#### REQUIRED ACTION
Nothing but the lines from the one that holds "Kiedy przysiądziesz, poczujesz, jak" through the end of the material should be repeated, each exactly as it stands, and pictures stay out.

#### EXERCISE INPUTS
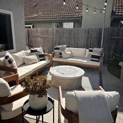 Beautiful and affordable outdoor couch. Cushions a bit firm, but comfortable overall. Paired with the matching chairs for a backyard oasis.
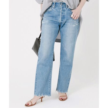 番手は太いのでしっかりデニムの生地表情があります。染色はピュアインディゴで若干淡く染めており、上品なインディゴブルーを表現しています。シルエットはストレートシルエットでメンズライクに形成されたお尻回りはピップに特徴を持ちます。ストレート具合もクラシカルなストレートでありながらモダンに見えるよう成形しています。縫製に使用する糸は古着に使用するような薄いイエローになり経年変化を楽しめる色味になります。
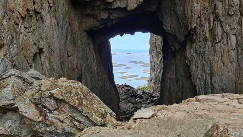 Heute kann man das Loch in einer kurzen aber steilen Wanderung erkunden. Von hier hat man einen fantastischen Ausblick auf die norwegische Schärenlandschaft.
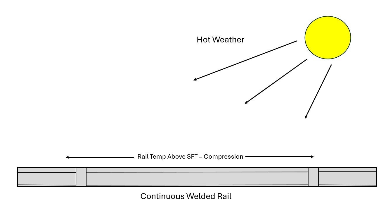 Steel expands when it gets hot. On the railway, that expansion is mostly locked in because the rail is restrained by sleepers, fastenings, ballast, and the formation beneath.
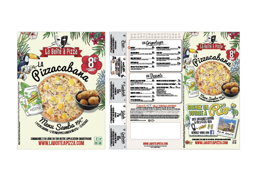 Flyer et affiche pour la campagne pizza cabana de la Boîte à Pizza
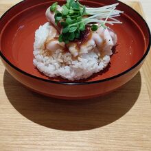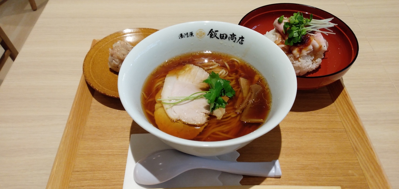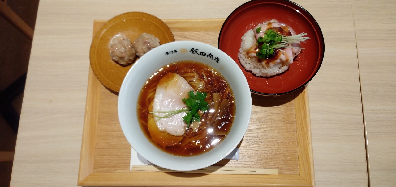 湯河原のラーメン屋さんのフードコート店。行列の出来るお店ですが、10時開店と同時でしたので即案内。あっさり醤油スープは少し酸味立つ懐深い味わいでした。おにくごはんは、薄切りロースの脂ぢわ甘さが楽しめるお品。天盛りカイワレが程好い刺激。プレミアムしゅうまいは肉感ごりごりな、しゅうまいニューウエーブ。新たな食体験満載なお店です。
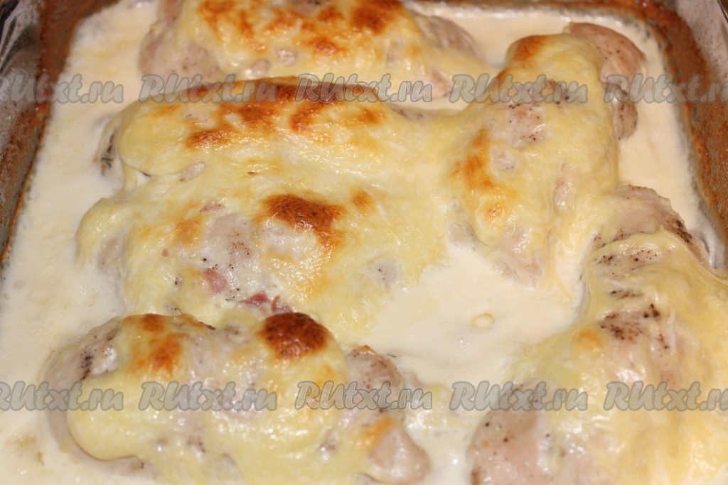 Через 30 минут достать куриные рулетики, снять фольгу, залить соусом и снова поставить в духовку.
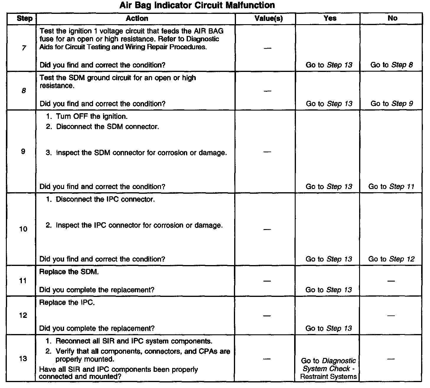 ^ The loss of serial data communication between the SDM and the instrument panel cluster (IPC) will cause the AIR BAG indicator to come ON solid. Refer to DTC U1001-U1254 in Data Link Communications.
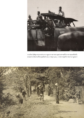 นายเยียน โพธิสุวรรณ นายอำาเภอบางมูลนาก กล่าวขอบคุณประชาชนที่นำาอาหารและเครื่องดื่ม มาแจกจ่ายให้แก่คนที่ช่วยขุดดินทำาถนน ภาพยุค ๒๕๐๐ ภาพจากกลุ่มรักภาพเก่าบางมูลนาก สมุดภาพกรมการปกครอง 135
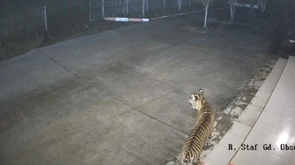 Dalam rekaman tersebut, harimau tampak mengelilingi gedung perkantoran dan kemudian menuju bagian belakang kantor. "Harimau terekam di sejumlah titik CCTV milik kantor BRIN," ujarnya.
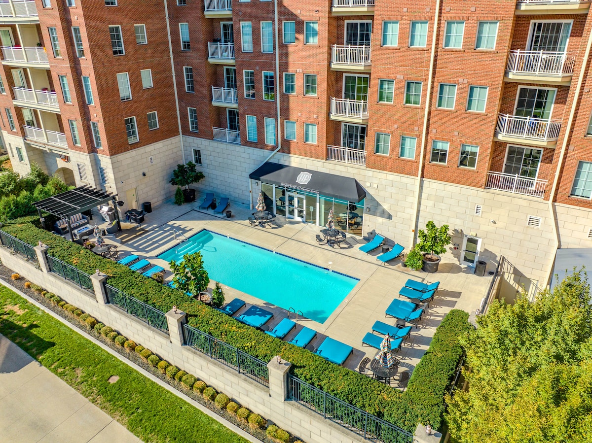 Ang maganda, 700 talampakang kuwadrado na moderno at bukas na palapag na plano ng isang silid - tulugan na apartment, na may walkout patio ay maginhawang matatagpuan sa Highpoint sa downtown Columbus. Ang apartment na ito ay perpekto para sa mga taong bumibiyahe at gustong maranasan ang Columbus dahil malapit ang apartment sa lahat ng kaguluhan na inaalok ng lungsod. Ang apartment na ito ay perpekto para sa isang mag - asawa o maliliit na grupo na kumain nang sama - sama, mag - hang out, magrelaks, tuklasin ang mga nakapaligid na lugar, makipag - chat at magsaya. LIBRENG Paradahan (1 sasakyan) at LIBRENG WIFI
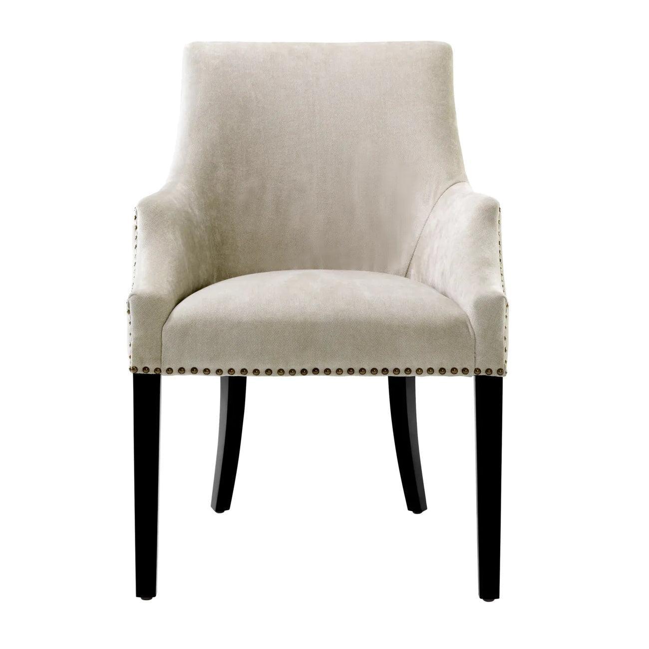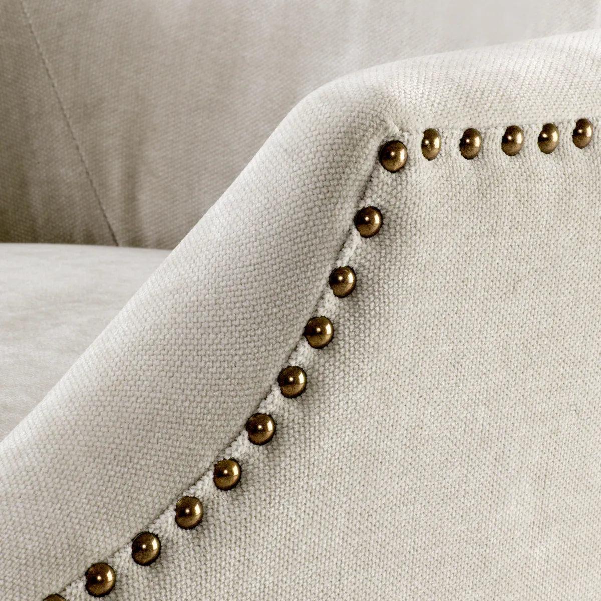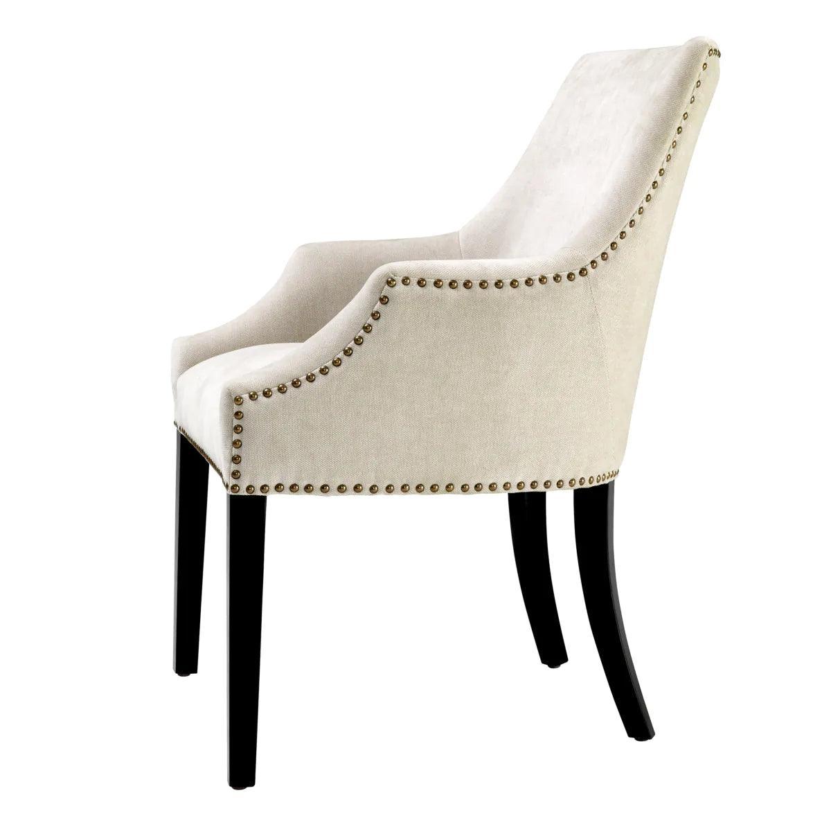 Kiedy przysiądziesz, poczujesz, jak miękka szara tapicerka Clarck otula Twoje ciało, dodając odrobinę luksusu do codziennego używania. Każdy element tego piaskowego krzesła został starannie przemyślany: od tapicerki, utrwalonej historycznymi mosiężnymi gwoździami, które przypominają o rzemieślniczej tradycji, po smukłe czarne nogi, które dodają elegancji.
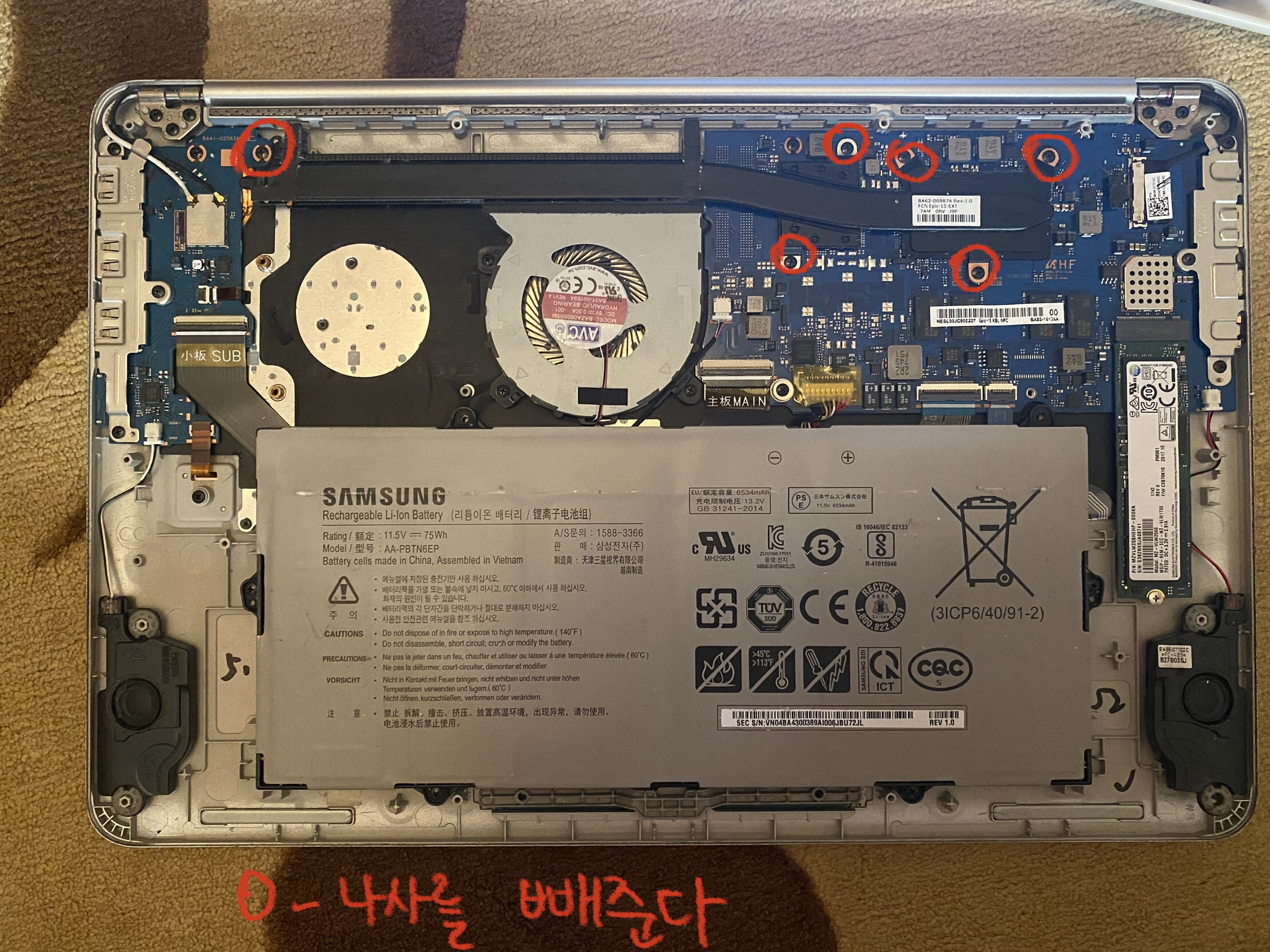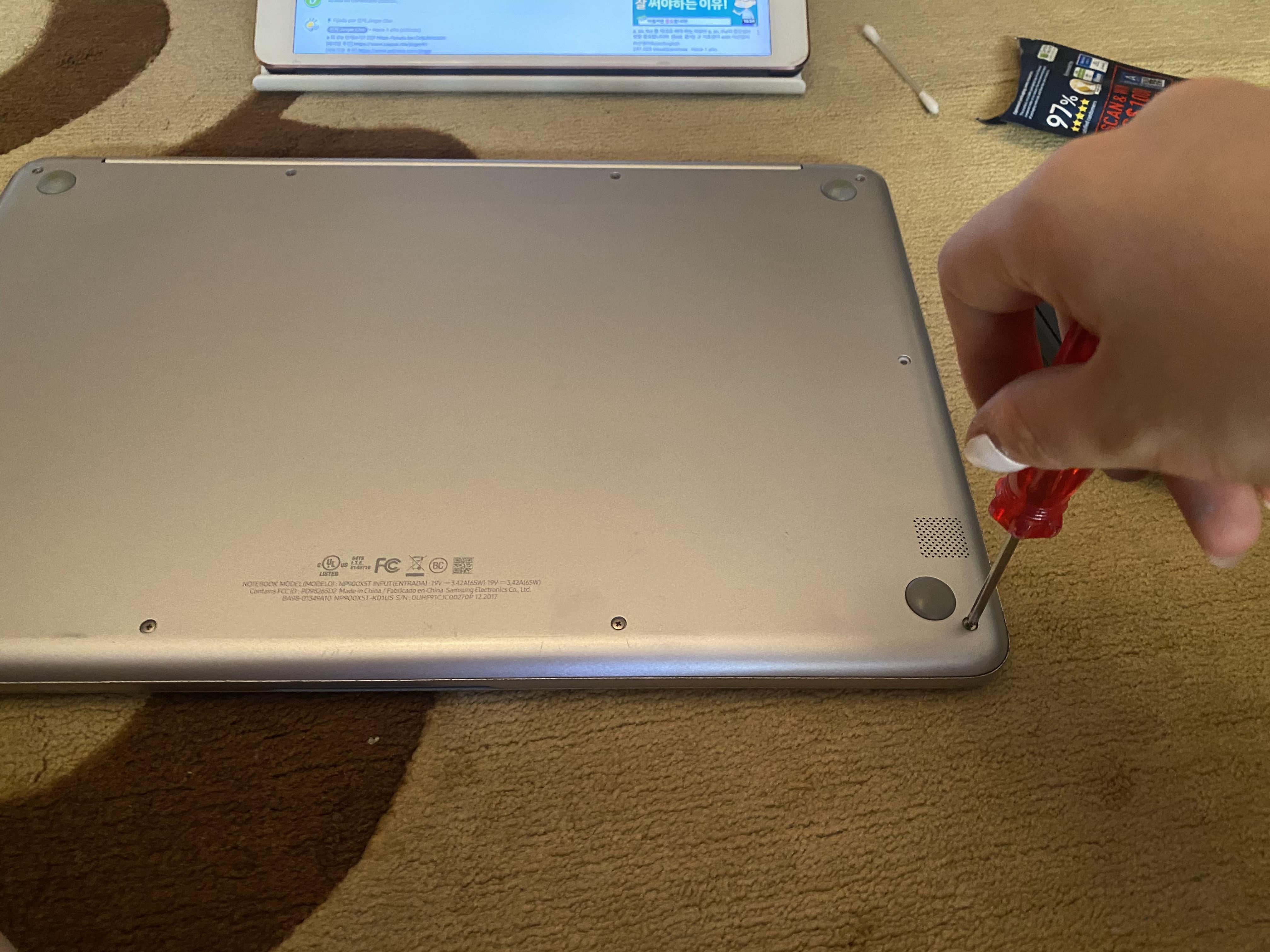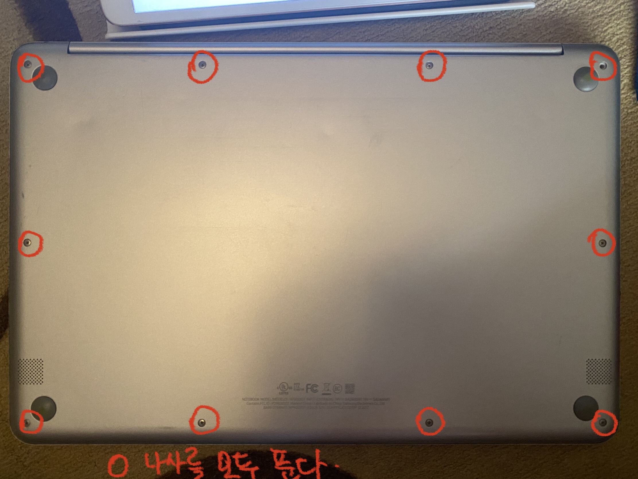 일단 노트북 뒷판을 열어야 하니, 뒤집어 준다. 그리고 나사를 다 빼서 열어준다.

#### EXERCISE SOLUTION
 Kiedy przysiądziesz, poczujesz, jak miękka szara tapicerka Clarck otula Twoje ciało, dodając odrobinę luksusu do codziennego używania. Każdy element tego piaskowego krzesła został starannie przemyślany: od tapicerki, utrwalonej historycznymi mosiężnymi gwoździami, które przypominają o rzemieślniczej tradycji, po smukłe czarne nogi, które dodają elegancji.
 일단 노트북 뒷판을 열어야 하니, 뒤집어 준다. 그리고 나사를 다 빼서 열어준다.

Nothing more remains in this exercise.